Sunday 17 May 2015

The Major Limitation On The Account Of Participant Identification

Martin (1992: 156-7):
Finally, the major limitation on the account of participant identification in this chapter needs to be acknowledged — that is, it's lack of attention to the process of identifying participants. This is reflected in the concentration on textual relations at the expense of their interaction with experiential ones and the lack of a procedural orientation to determining what would be appropriate to identifying a participant at a particular place in the unfolding of a text and how exactly interlocutors might go about retrieving presumed information. The account thus falls far short of the specificity required for computer implementation and text generation.

Blogger Comments:

[1] To be clear, the major limitation of this chapter is that it is not what it claims to be: reference as semantic choice.  This is because it is founded on several serious theoretical misunderstandings.  For example, Martin confuses:
  • textual reference (identifiability) with ideational denotation (participant identification) — for the most part in the sense of Frege's reference to meanings transcendent of language (bedeutung);
  • textual reference (cohesive) with interpersonal deixis of the nominal group (structural);
  • reference items with nominal groups;
  • reference with lexical cohesion;
  • reference with ellipsis–&–substitution.
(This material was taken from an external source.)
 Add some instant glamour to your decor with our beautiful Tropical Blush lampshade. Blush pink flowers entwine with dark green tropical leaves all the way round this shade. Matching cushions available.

[2] Here Martin diverts the reader from personally identifying the actual problems with his theorising, and identifies the model's major limitation as issues of no importance — computer implementation and text generation — to his intended readership.
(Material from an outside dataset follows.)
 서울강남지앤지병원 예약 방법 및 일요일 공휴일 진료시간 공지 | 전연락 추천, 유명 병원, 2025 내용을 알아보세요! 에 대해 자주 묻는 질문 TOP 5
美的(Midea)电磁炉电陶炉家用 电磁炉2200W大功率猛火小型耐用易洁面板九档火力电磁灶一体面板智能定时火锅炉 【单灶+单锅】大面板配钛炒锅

[3] This misunderstands SFL theory.  The process of identifying participants (or indeed the process of referring to referents) is the process of instantiation: the selection of features in networks and the activation of realisation statements.

[4] This is misleading.  Martin's model is a confusion of textual relations (reference) and experiential relations (lexical cohesion) and denotation (participant identification).

[5] The notion of "interaction" between textual and experiential relations betrays Martin's misunderstanding (1992: 390) of metafunctions as modules, instead of dimensions.

[6] On the one hand, the function of the grammatical metaphor and lexical density of this single nominal group — 11 lexical items — is to reduce its intelligibility to learners and outsiders (Halliday & Matthiessen 1999: 272).  On the other hand, it is untrue, since Martin has demonstrated his procedure for identifying participants in text, in his own terms, throughout the chapter.

[7] This misunderstands reference.  Reference presents items as identifiable; it does not inform the listener how to recover the identity.  Halliday & Matthiessen (2014: 623):
The textual status at issue in the system of reference is that of identifiability: does the speaker judge that a given element can be recovered or identified by the listener at the relevant point in the discourse or not? If it is presented as identifiable, then the listener will have to recover the identity from somewhere else.